Whenever there are more columns than rows, I get expected output as well.

You entered:
[ 1 2 3 4 5 ]
[ 6 7 8 9 10 ]
[ 11 12 13 14 15 ]
-----------------------------
Transposed matrix:
[ 1 6 11 ]
[ 2 7 12 ]
[ 3 8 13 ]
[ 4 9 14 ]
[ 5 10 15 ]

However, whenever there are more rows than columns, that's where the issue seems to arise. For example:

You entered:
[ 1 2 ]
[ 3 4 ]
[ 5 6 ]
-----------------------------
Transposed matrix:
[ 1 3 2 ]
[ 2 4 5 ]

This is the code responsible for the transposing. It is right under the print statement with multiple dashes.
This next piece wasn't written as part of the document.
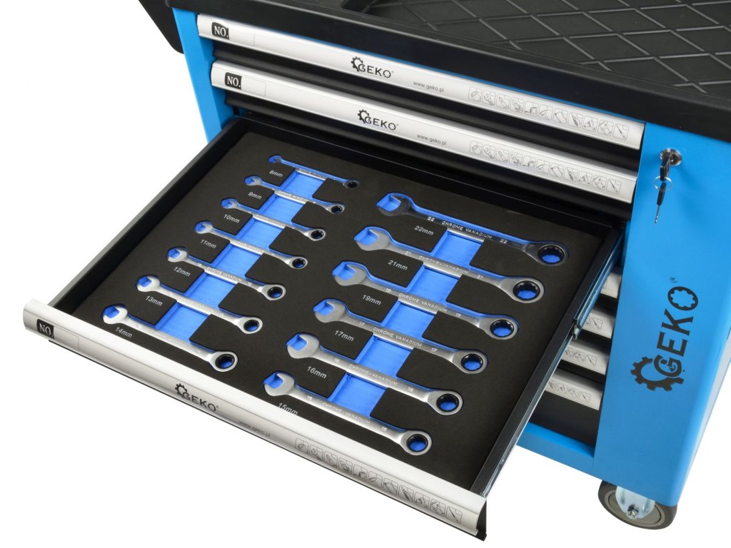 Značka GEKO je mezi profesionály i hobby uživateli známá jako výrobce vybavení pro autoservisy, dílny i ručního nářadí. S typickým logem ozubeného kolečka tak můžete zakoupit například stahováky, elektrické nářadí (leštičky, brusky, AKU nářadí atd.), gola sady a mnoho dalšího. Doslova lze říci, že rozsah nabízeného zboží se pohybuje od samostatných nástrčných hlavic po vybavené dílenské vozíky.

Any help or insight as to why this isn't working would be great.

for (i = 0; i < columns; i++){
        for (j = 0; j < i; j++) {
            int *transposedRow = &array[0][0] + (i * columns + j);
            int *transposedCol = &array[0][0] + (j * columns + i);
            int temp;
            temp = *transposedRow;
            *transposedRow = *transposedCol;
            *transposedCol = temp;
        }
    }
    printf("Transposed matrix:\n");
    for (i = 0; i < columns; i++) {
        for (j = 0; j < rows; j++) {
            if (j == 0)
                printf("[ ");
            printf("%d ", array[i][j]);
            if (j == rows - 1)
                printf("]\n");
        }
    } 

Answer 1

If you want to be thrifty on your memory (by not allocating another storage for the transpose matrix), then just do the following:

void print(int **matrix, size_t rows, size_t cols)
{
    for (size_t row = 0; row < rows; ++row) {
        printf("[ ");
        for (size_t col = 0; col < cols; ++col)
            print("%d ", matrix[row][col]);
        printf("]\n");
    }
}

void print_transposed(int **matrix, size_t rows, size_t cols)
{
    for (size_t col = 0; col < cols; ++col) {
        printf("[ ");
        for (size_t row = 0; row < rows; ++row)
            print("%d ", matrix[row][col]);
        printf("]\n");
    }
}

or if two functions are too much, combine them into one:

void print(int **matrix, size_t rows, size_t cols, bool transposed) {
    if (transposed) {
        /* print transposed */
    } else {
        /* print normal */
    }
}

No pointer arithmetic, no extra allocation, pure, simple and clean.

Answer 2

If transposing in-place is not a requirement, the problem is very straightforward. You seem to have mostly figured the math out. Breaking it down into functions makes it easier to tackle pieces of this problem.

#include <stdio.h>

void transpose(int *dest, int *src, size_t rows, size_t cols) {
    for (size_t r = 0; r < rows; ++r)
        for (size_t c = 0; c < cols; ++c)
            *(dest + c * rows + r) = *(src + r * cols + c);
}

void print(int *matrix, size_t rows, size_t cols) {
    for (size_t r = 0; r < rows; ++r) {
        for (size_t c = 0; c < cols; ++c)
            printf("%d ", *(matrix + r * cols + c));

        printf("\n");
    }
}

int main(void) {
    int orig[2][3] = {
        { 1, 2, 3 },
        { 4, 5, 6 }
    };

    int transposed[3][2];

    transpose(transposed, orig, 2, 3);

    print(orig, 2, 3);
    print(transposed, 3, 2);

    return 0;
}

Running this simple test gives us:

1 2 3
4 5 6
1 4
2 5
3 6

This solution isn't perfect. There are numerous warnings about passing arrays, but I will leave that for you to learn from and figure out.